Now projected as a major Oscar contender, the film — produced by Brad Pitt’s Plan B Entertainment (Moonlight, The Last Black Man in San Francisco) — is the latest to boost the visibility of Asians and Asian Americans onscreen, following box-office hit Crazy Rich Asians and Best Picture winner Parasite. It also paints realistic, empathic portrait at a time when hate crimes against Asian Americans are spiking.
“I think in general, I’m just so supportive of any effort to show that our human experience is much more varied and diverse and particular than we think,” Chung says. “There’s no monolithic norm in this country. If we can be part of that, and not just to push forward Asian Americans but really every single person in whatever walk of life if they’ve lived on the quote-unquote margins or as outsiders, in a way that they haven’t been portrayed on the screen, I’d love to see more of those stories.”

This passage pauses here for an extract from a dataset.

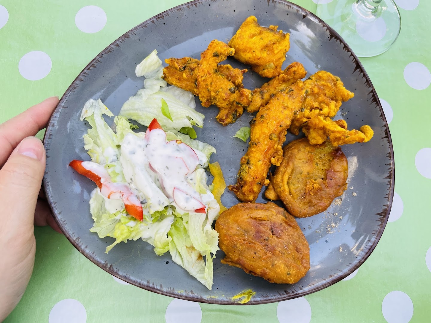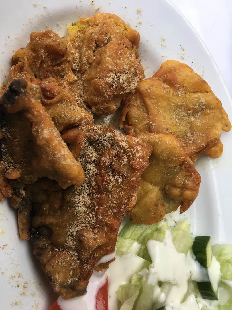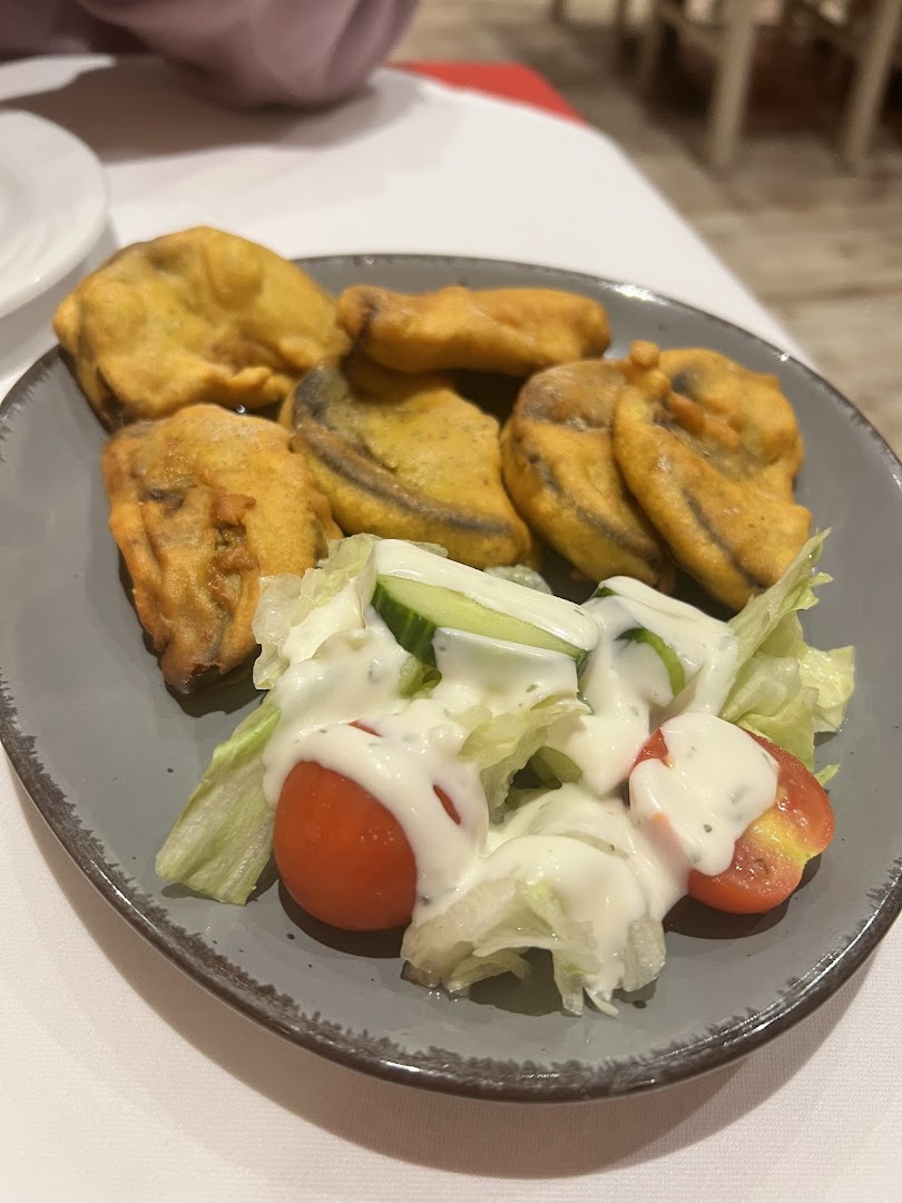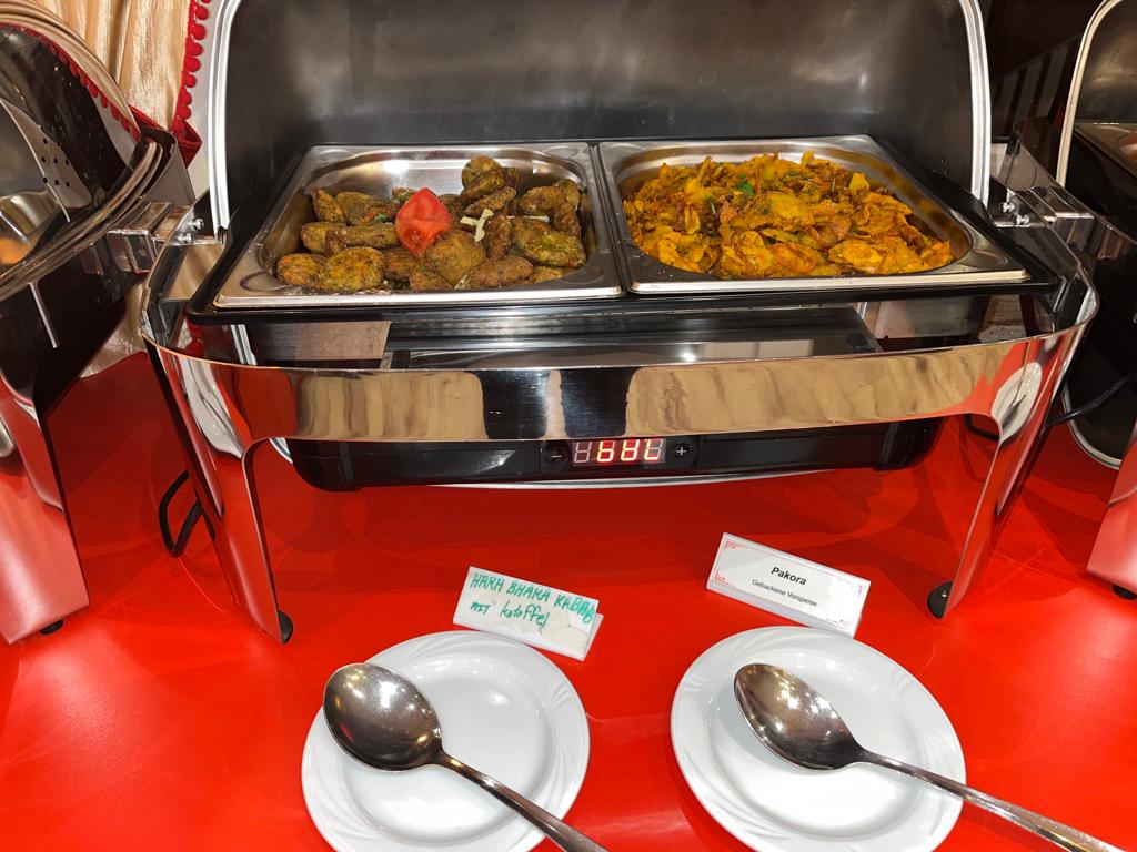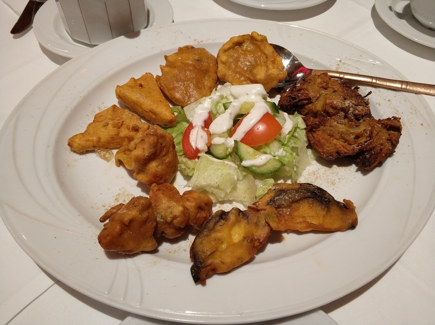 Блюдо: Gemischter Vorspeisen (für 2 Personen). Описание блюда: Mit einem Stück Onion Bhaji, in Kichererbsenmehl gebackene Zwiebelkugel, Fisch, Aubergine, Hähnchen, Kartoffel und Blumenkohl. Wird mit Mangosauce, Minzsauce und Tamarindensauce serviert.

“I represent whatever I represent ‘cause I can’t change my face,” says Yeun, an actor best known for his work on The Walking Dead, who’s made a string of acclaimed indies in recent years (Okja, Burning, Sorry to Bother You). “I love to operate from this place continually and I hope that we get to see more Asian Americans, Asian actors get their shots and do their thing and really push the boundaries of how to connect all of us together.”
Minari is now playing in theaters and on-demand.